### [Action item]
In the entries below, find the line with "10 цен на Цветные" and the line with "厨房内部是U字型的橱柜布局,色彩以黑白为". Repeat exactly everything between them, those two lines included, but not the pictures.

### [Supplied material]
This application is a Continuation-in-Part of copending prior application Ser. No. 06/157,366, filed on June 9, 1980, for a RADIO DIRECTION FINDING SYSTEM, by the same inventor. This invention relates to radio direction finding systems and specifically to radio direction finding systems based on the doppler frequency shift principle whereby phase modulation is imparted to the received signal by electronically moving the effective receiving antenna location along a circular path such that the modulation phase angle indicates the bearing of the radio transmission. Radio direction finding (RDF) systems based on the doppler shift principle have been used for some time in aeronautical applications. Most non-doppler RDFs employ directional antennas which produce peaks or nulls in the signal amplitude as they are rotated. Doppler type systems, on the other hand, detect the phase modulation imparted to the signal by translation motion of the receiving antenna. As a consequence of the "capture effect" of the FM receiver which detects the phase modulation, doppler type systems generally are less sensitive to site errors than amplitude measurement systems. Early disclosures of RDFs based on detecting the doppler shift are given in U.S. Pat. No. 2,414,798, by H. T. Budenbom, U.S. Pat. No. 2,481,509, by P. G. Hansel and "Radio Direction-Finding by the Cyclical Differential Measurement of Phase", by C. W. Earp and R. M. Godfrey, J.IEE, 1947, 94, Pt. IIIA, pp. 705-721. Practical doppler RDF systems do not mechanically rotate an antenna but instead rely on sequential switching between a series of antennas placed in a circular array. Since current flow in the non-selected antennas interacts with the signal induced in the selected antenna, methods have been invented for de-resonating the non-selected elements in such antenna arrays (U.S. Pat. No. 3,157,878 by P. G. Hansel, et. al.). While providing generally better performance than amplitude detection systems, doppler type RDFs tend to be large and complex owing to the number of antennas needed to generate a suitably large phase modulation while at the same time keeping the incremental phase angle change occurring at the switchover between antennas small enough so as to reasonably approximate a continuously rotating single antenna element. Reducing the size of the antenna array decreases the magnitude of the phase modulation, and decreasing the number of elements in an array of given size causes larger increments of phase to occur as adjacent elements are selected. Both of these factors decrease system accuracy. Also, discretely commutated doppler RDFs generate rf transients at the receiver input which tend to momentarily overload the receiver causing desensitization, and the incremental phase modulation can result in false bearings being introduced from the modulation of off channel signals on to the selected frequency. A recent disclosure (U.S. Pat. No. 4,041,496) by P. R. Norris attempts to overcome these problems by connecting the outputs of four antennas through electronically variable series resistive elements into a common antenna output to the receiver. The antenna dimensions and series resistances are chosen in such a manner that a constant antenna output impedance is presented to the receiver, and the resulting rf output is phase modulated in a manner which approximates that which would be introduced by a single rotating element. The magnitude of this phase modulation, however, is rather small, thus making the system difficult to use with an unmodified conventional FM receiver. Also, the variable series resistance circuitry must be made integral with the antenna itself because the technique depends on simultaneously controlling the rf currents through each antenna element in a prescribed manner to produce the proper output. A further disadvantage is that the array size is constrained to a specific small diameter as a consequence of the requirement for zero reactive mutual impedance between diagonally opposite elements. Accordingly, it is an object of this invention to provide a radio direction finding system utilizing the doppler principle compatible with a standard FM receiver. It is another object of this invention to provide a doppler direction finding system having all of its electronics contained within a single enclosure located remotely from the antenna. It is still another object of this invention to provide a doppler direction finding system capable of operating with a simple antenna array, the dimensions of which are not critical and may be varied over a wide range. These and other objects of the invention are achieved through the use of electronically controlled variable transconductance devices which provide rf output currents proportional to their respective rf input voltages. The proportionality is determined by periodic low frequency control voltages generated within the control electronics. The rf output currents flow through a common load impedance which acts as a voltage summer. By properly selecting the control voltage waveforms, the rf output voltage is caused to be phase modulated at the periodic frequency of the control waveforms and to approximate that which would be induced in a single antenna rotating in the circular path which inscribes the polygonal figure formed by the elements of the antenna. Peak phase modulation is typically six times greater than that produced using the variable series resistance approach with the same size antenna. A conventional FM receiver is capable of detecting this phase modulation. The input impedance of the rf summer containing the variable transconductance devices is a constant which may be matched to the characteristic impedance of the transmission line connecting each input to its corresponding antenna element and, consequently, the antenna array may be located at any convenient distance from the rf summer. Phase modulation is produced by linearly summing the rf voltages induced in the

* * *

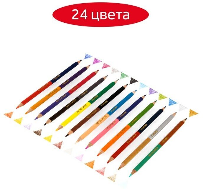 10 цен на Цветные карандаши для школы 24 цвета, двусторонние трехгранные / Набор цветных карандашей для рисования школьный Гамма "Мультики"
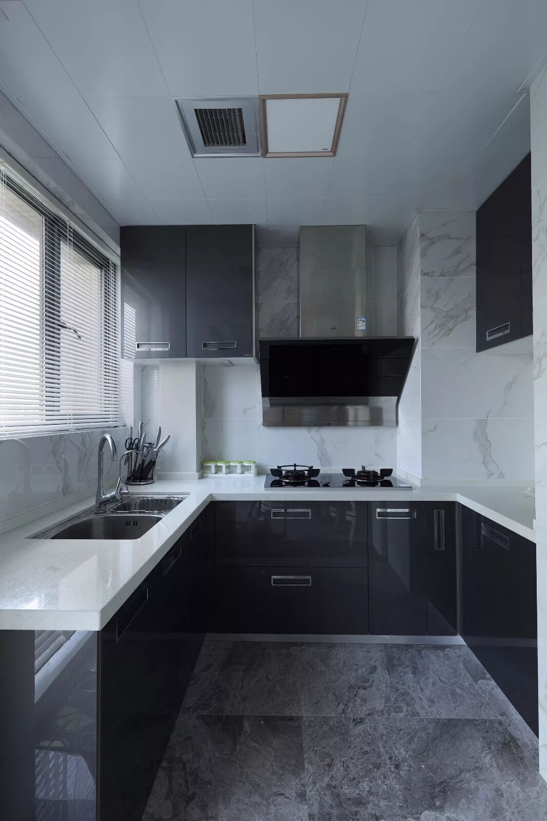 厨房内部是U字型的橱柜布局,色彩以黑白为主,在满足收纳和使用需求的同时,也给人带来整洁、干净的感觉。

### [Response area]
 10 цен на Цветные карандаши для школы 24 цвета, двусторонние трехгранные / Набор цветных карандашей для рисования школьный Гамма "Мультики"
 厨房内部是U字型的橱柜布局,色彩以黑白为主,在满足收纳和使用需求的同时,也给人带来整洁、干净的感觉。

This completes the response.